## What this task involves
Without including any pictures, reproduce the full listing exactly.
*** Collected data
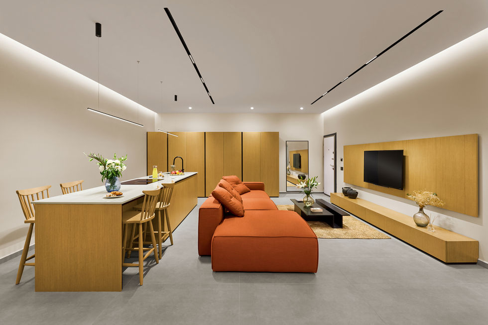Natural materials dominate the palette—light-toned wood claddings, textured stone surfaces, and concrete floors create a serene and warm atmosphere. The color scheme is kept neutral and elegant, with occasional vibrant furniture elements injecting a touch of dynamism.
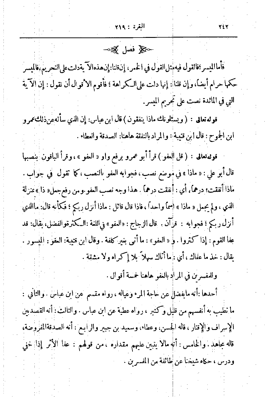 قوله تعالى قل العفو قرأ أبو عمرو برفع واو العفو وقرا الباقون بنصبها قال أبو علي ماذا في موضع نصب فجوابه العفو بالنصب كما تقول في جواب ماذا انفقت اى انفقت درهما هذا وجه نصب العفو ومن رفع جعل ذا بمنزلة الذي ولم يجعل ماذا اسما واحدا فاذا قال قائل ماذا أنزل ربكم فكانه قال ما الذي أنزل ربكم فجوابه قرآن قال الزجاج العفو في اللغة الكثرة والفضل يقال قد عفا القم إذا كثروا و العفو ما اتى بغير كلفة وقال ابن قتيبة العفو الميسور يقال خذ ما عفاك أي ما أتاك سهلا بلا إكراه ولا مشقة
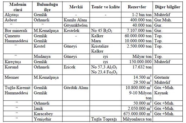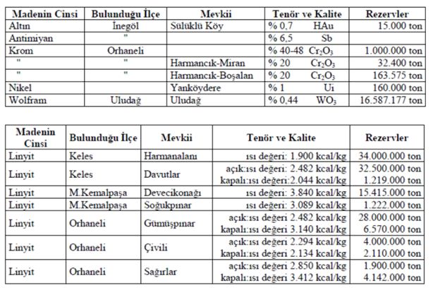 Ekonomik yönden faal olan Bursa nüfusunun % 0,5’ini oluşturan 3215 kişi Madencilik sektöründe çalışmaktadır. ilin güney, güneybatı ve güneydoğusunda birçok maden yatağı bulunmaktadır. Bu maden yatakları, magmatik kayaçların etrafında yaslı metamorfik birimler içinde yer almaktadır.
******
## Answer for this exercise
Natural materials dominate the palette—light-toned wood claddings, textured stone surfaces, and concrete floors create a serene and warm atmosphere. The color scheme is kept neutral and elegant, with occasional vibrant furniture elements injecting a touch of dynamism.
 قوله تعالى قل العفو قرأ أبو عمرو برفع واو العفو وقرا الباقون بنصبها قال أبو علي ماذا في موضع نصب فجوابه العفو بالنصب كما تقول في جواب ماذا انفقت اى انفقت درهما هذا وجه نصب العفو ومن رفع جعل ذا بمنزلة الذي ولم يجعل ماذا اسما واحدا فاذا قال قائل ماذا أنزل ربكم فكانه قال ما الذي أنزل ربكم فجوابه قرآن قال الزجاج العفو في اللغة الكثرة والفضل يقال قد عفا القم إذا كثروا و العفو ما اتى بغير كلفة وقال ابن قتيبة العفو الميسور يقال خذ ما عفاك أي ما أتاك سهلا بلا إكراه ولا مشقة
 Ekonomik yönden faal olan Bursa nüfusunun % 0,5’ini oluşturan 3215 kişi Madencilik sektöründe çalışmaktadır. ilin güney, güneybatı ve güneydoğusunda birçok maden yatağı bulunmaktadır. Bu maden yatakları, magmatik kayaçların etrafında yaslı metamorfik birimler içinde yer almaktadır.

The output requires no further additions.